Work required — Below are records; extract exactly the lines from the one containing "素材に極薄・超高密度ポリエス" through the last, both included, and keep the pictures out.

Records drawn from a dataset —

----------

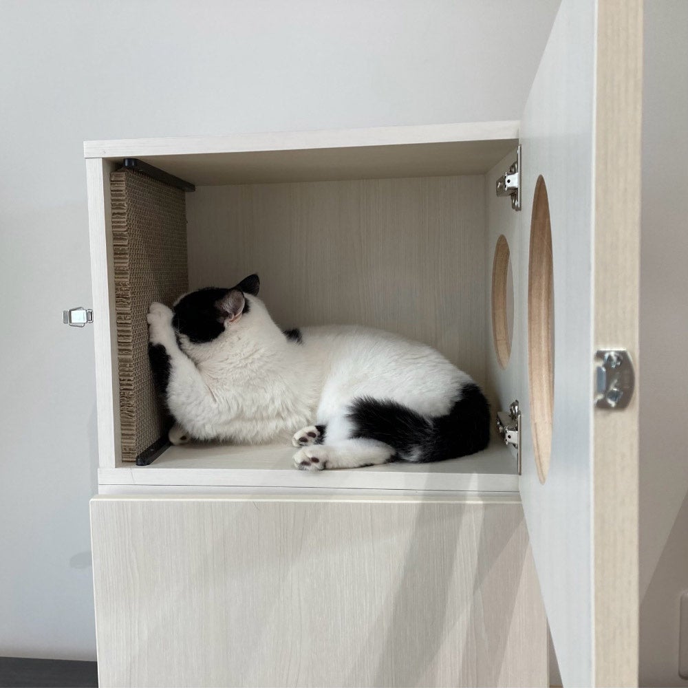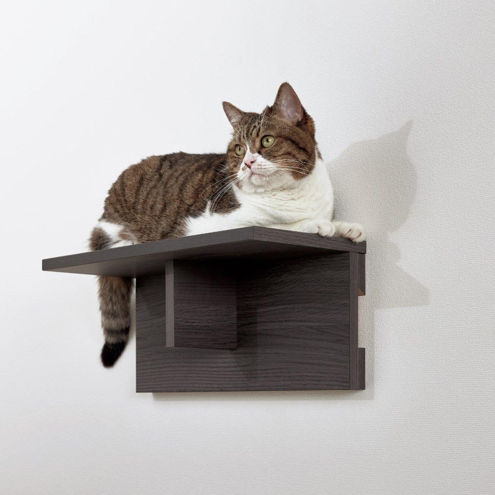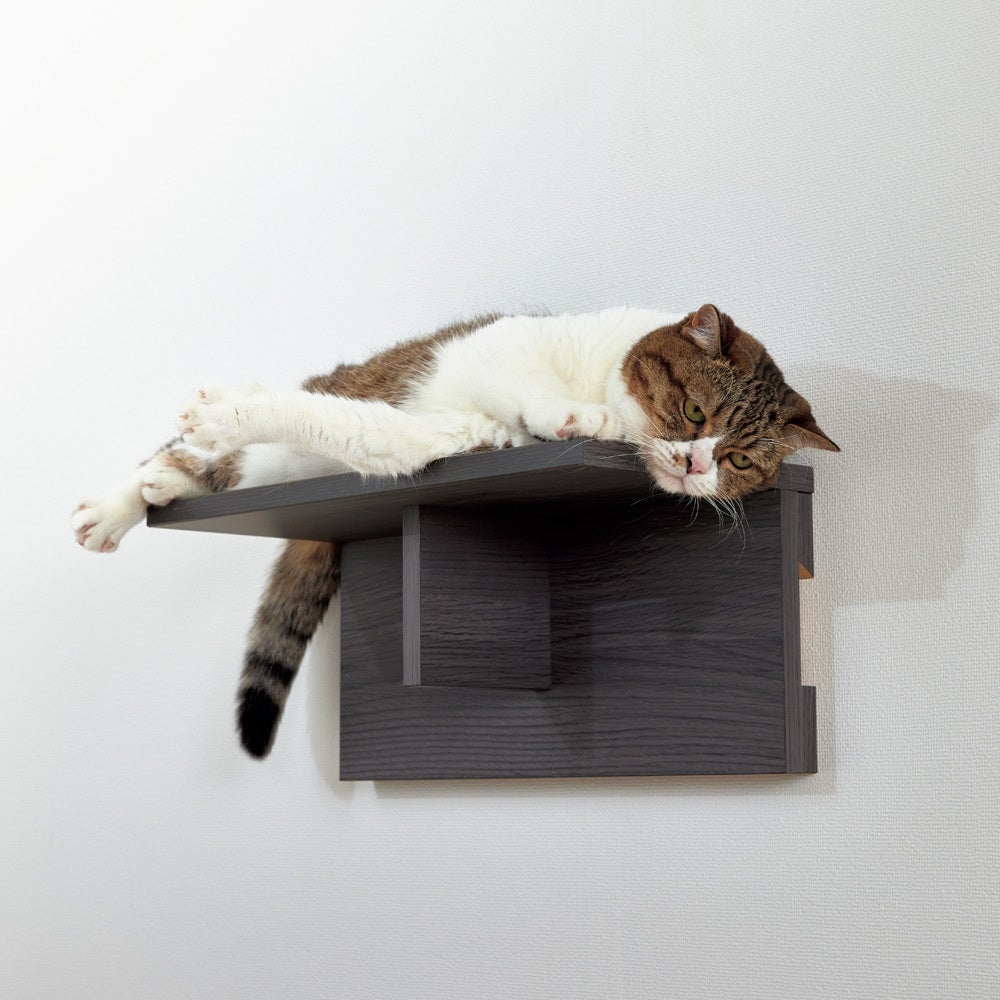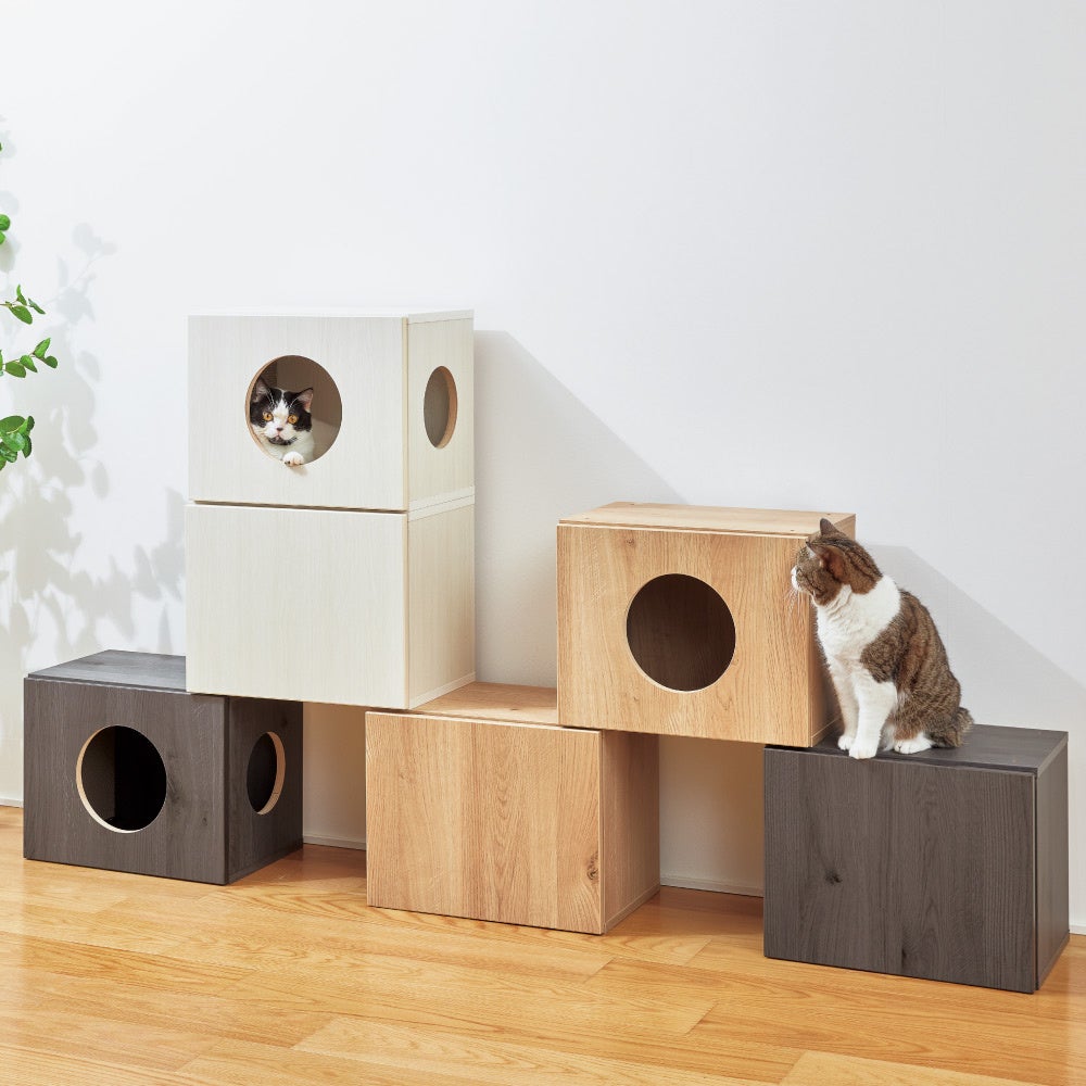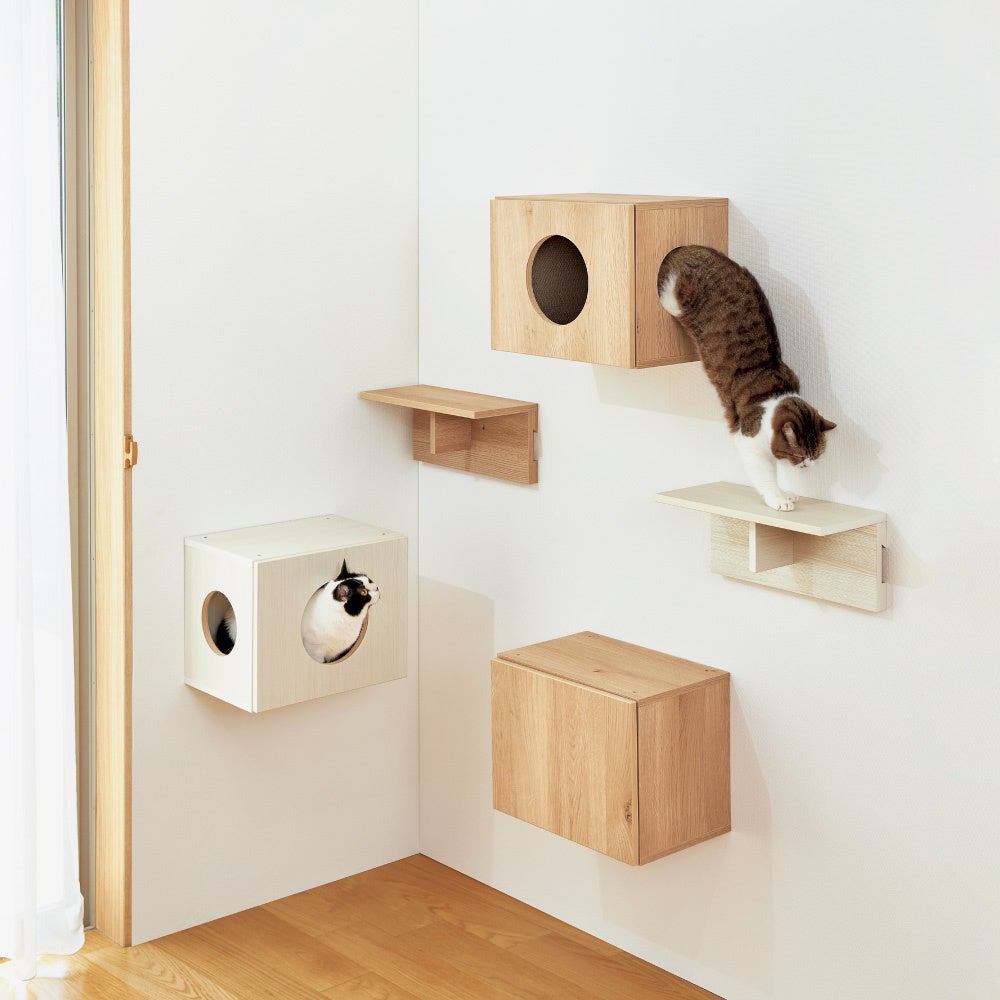 ネコ用タワーを置く場所がない部屋でも、このボックスなら壁に付けるだけなので場所取らず。床に置く場所があるおうちなら、床に置いて複数積み重ねて使うこともできます。階段状に複数台並べて設置すれば、上下運動がしっかりできるので、ネコ用タワー代わりとしても使えます。ネコが入れるキャットボックスタイプ・収納タイプ・キャットステップの3つをお好みで組み合わせることができます。
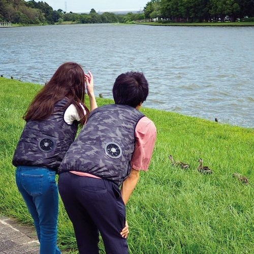 素材に極薄・超高密度ポリエステル100%の日本製生地を採用し、気密性を高めた迷彩柄のカジュアルな着心地のユニセックス仕様の空調ベストです。
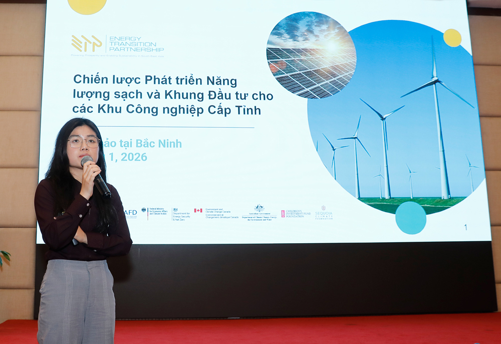 BẮC NINH - Ngày 14/1, tại phường Kinh Bắc, tỉnh Bắc Ninh, Bộ Tài chính phối hợp với Văn phòng Dịch vụ Dự án của Liên Hợp quốc/Đối tác Chuyển dịch năng lượng Đông Nam Á (UNOPS/ETP) tổ chức Hội thảo “Chiến lược phát triển năng lượng sạch và khung đầu tư cho các khu công nghiệp cấp tỉnh”.
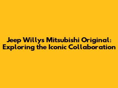 Jeep Willys Mitsubishi: Exploring The Original Collaboration
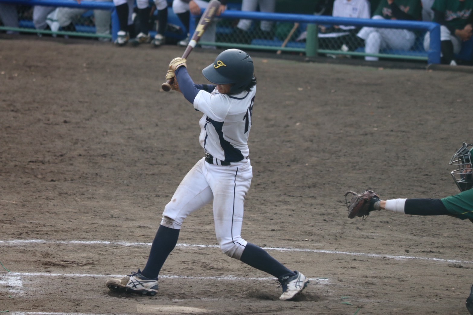 この2週目で勝点を獲得したい高工大は、2回表、5番木村(3年:高知)が中二塁打で出塁し、6番岡村(3年:高知商業)の投手ゴロを徳島大先発神戸(3年:城南)が処理するも、一塁へ悪送球。その間に、高工大が1点を先制する。その後も、捕手の悪送球や、8番遠藤(1年:大手前高松)の右適時打で2点を追加する。反撃したい徳島大は、3回裏、1死から3者連続四死球で満塁のチャンスを作り、4番来福(2年:徳島城東)の右適時打で2点を返す。4回から6回まで両者1歩も譲らず、スコアボードには0が並ぶ。7回に両チーム1点ずつを追加するも試合は終盤まで1点差の緊迫した展開が続く。迎えた9回裏、逆転を狙う徳島大。代打出原(2年:城北)が相手の失策で出塁すると、9番土田(2年:三田祥雲館)の中前安打、1番畑野(2年:東海大学付属大阪仰星)の遊内野安打で1死満塁のチャンスを作る。ここで2番鶴井(4年:桃山学院)が投手のフィルダースチョイスを誘い、試合は4-4の同点に。なおも続く好機で、3番真開(3年:城北)が中前へサヨナラの適時打。最後まで粘り強い攻撃を見せた徳島大が、劇的な逆転サヨナラ勝利を収めた。

----------

Exercise response —
 素材に極薄・超高密度ポリエステル100%の日本製生地を採用し、気密性を高めた迷彩柄のカジュアルな着心地のユニセックス仕様の空調ベストです。
 BẮC NINH - Ngày 14/1, tại phường Kinh Bắc, tỉnh Bắc Ninh, Bộ Tài chính phối hợp với Văn phòng Dịch vụ Dự án của Liên Hợp quốc/Đối tác Chuyển dịch năng lượng Đông Nam Á (UNOPS/ETP) tổ chức Hội thảo “Chiến lược phát triển năng lượng sạch và khung đầu tư cho các khu công nghiệp cấp tỉnh”.
 Jeep Willys Mitsubishi: Exploring The Original Collaboration
 この2週目で勝点を獲得したい高工大は、2回表、5番木村(3年:高知)が中二塁打で出塁し、6番岡村(3年:高知商業)の投手ゴロを徳島大先発神戸(3年:城南)が処理するも、一塁へ悪送球。その間に、高工大が1点を先制する。その後も、捕手の悪送球や、8番遠藤(1年:大手前高松)の右適時打で2点を追加する。反撃したい徳島大は、3回裏、1死から3者連続四死球で満塁のチャンスを作り、4番来福(2年:徳島城東)の右適時打で2点を返す。4回から6回まで両者1歩も譲らず、スコアボードには0が並ぶ。7回に両チーム1点ずつを追加するも試合は終盤まで1点差の緊迫した展開が続く。迎えた9回裏、逆転を狙う徳島大。代打出原(2年:城北)が相手の失策で出塁すると、9番土田(2年:三田祥雲館)の中前安打、1番畑野(2年:東海大学付属大阪仰星)の遊内野安打で1死満塁のチャンスを作る。ここで2番鶴井(4年:桃山学院)が投手のフィルダースチョイスを誘い、試合は4-4の同点に。なおも続く好機で、3番真開(3年:城北)が中前へサヨナラの適時打。最後まで粘り強い攻撃を見せた徳島大が、劇的な逆転サヨナラ勝利を収めた。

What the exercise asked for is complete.